- By Ashish Singh
- Wed, 20 Sep 2023 06:07 PM (IST)
- Source:JND
Rajeev Chandrasekhar, Minister of State for Electronics and IT, announced on Wednesday that certain entities including Google, Meta and more may be granted a one-year transition period to fine-tune their systems in order to comply with India's Digital Personal Data Protection Act, 2023.
Chandrasekhar emphasised the importance of accommodating enterprises like as startups, MSMEs, and hospitals that handle sensitive personal data during the inaugural 'Digital India Dialogue' discussions with key industry players on the recently implemented Data Protection Act. He stated that these organisations, which may lack the experience of larger data advisors, may need more time to grasp and comply with the new standards.
READ: Digital Personal Data Protection Bill 2023 Passed In Lok Sabha; All You Need To Know
"The primary goal of this law is to ensure the trust and safety of all digital citizens," said Minister Chandrasekhar. He also stated that the administration is willing to hear valid justifications for extending the compliance period if they are supported by compelling reasons.
The minister also stated that the Act's required rules would be specified within the following 30 days. In addition, preparations to establish the Data Protection Board, a critical entity for safeguarding data privacy, will begin within the next month.
A varied range of stakeholders from the technology ecosystem participated in the discussions, including industry associations, startups, IT professionals, think tanks, and legal experts. Industry executives have praised the Digital Personal Data Protection Act, underlining its importance in protecting individuals' digital privacy rights as India rapidly digitises.
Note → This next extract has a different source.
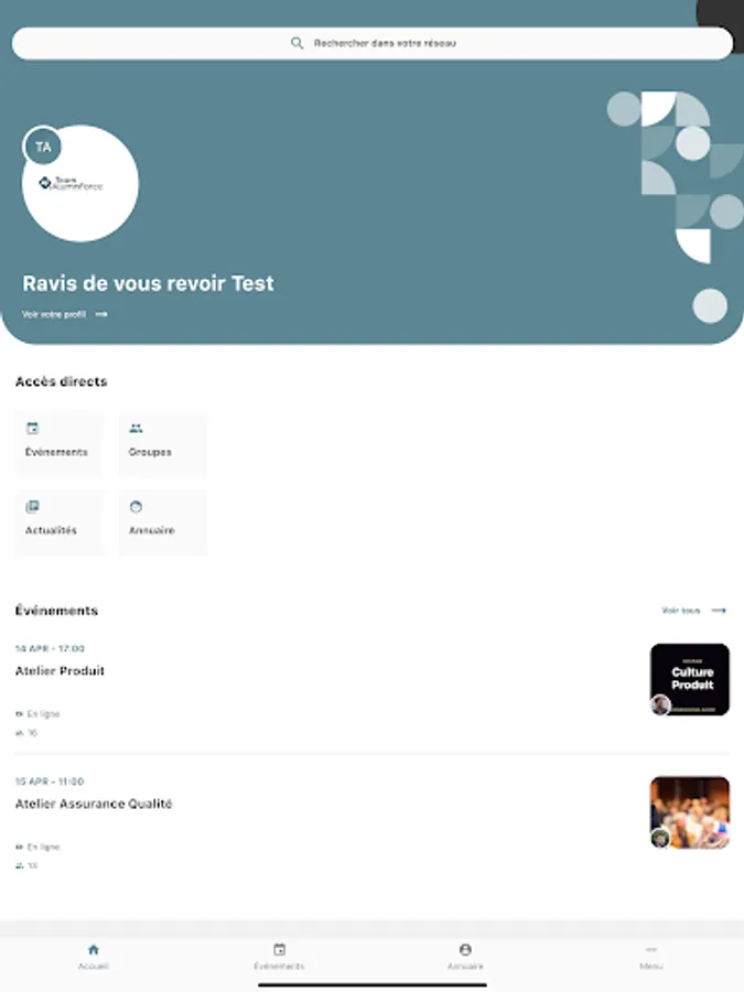 The Team AF application allows you to access all of the network’s features:

READ: Data Protection Bill 2023: Entities Can Be Fined Upto Rs 250 Crore For Breaching Privacy
The Act includes provisions for severe penalties ranging from Rs 50 crore to Rs 250 crore for social media platforms found to be in violation of the guidelines. It strives to promote responsible expansion of digital markets while protecting citizens' data. The Act would govern the handling of digital personal data in India, whether obtained online or offline and then digitised. It will also apply to such processing that takes place outside the country if it includes the provision of goods or services to Indian people.
After fulfilling that objective, the holders of data will be required to ensure data accuracy, security, and erasure. Furthermore, the Act offers individuals specific rights, such as the ability to access information, seek data correction and erasure, and seek redress of grievances. Companies are required to hire a Data Protection Officer and provide their contact information to users.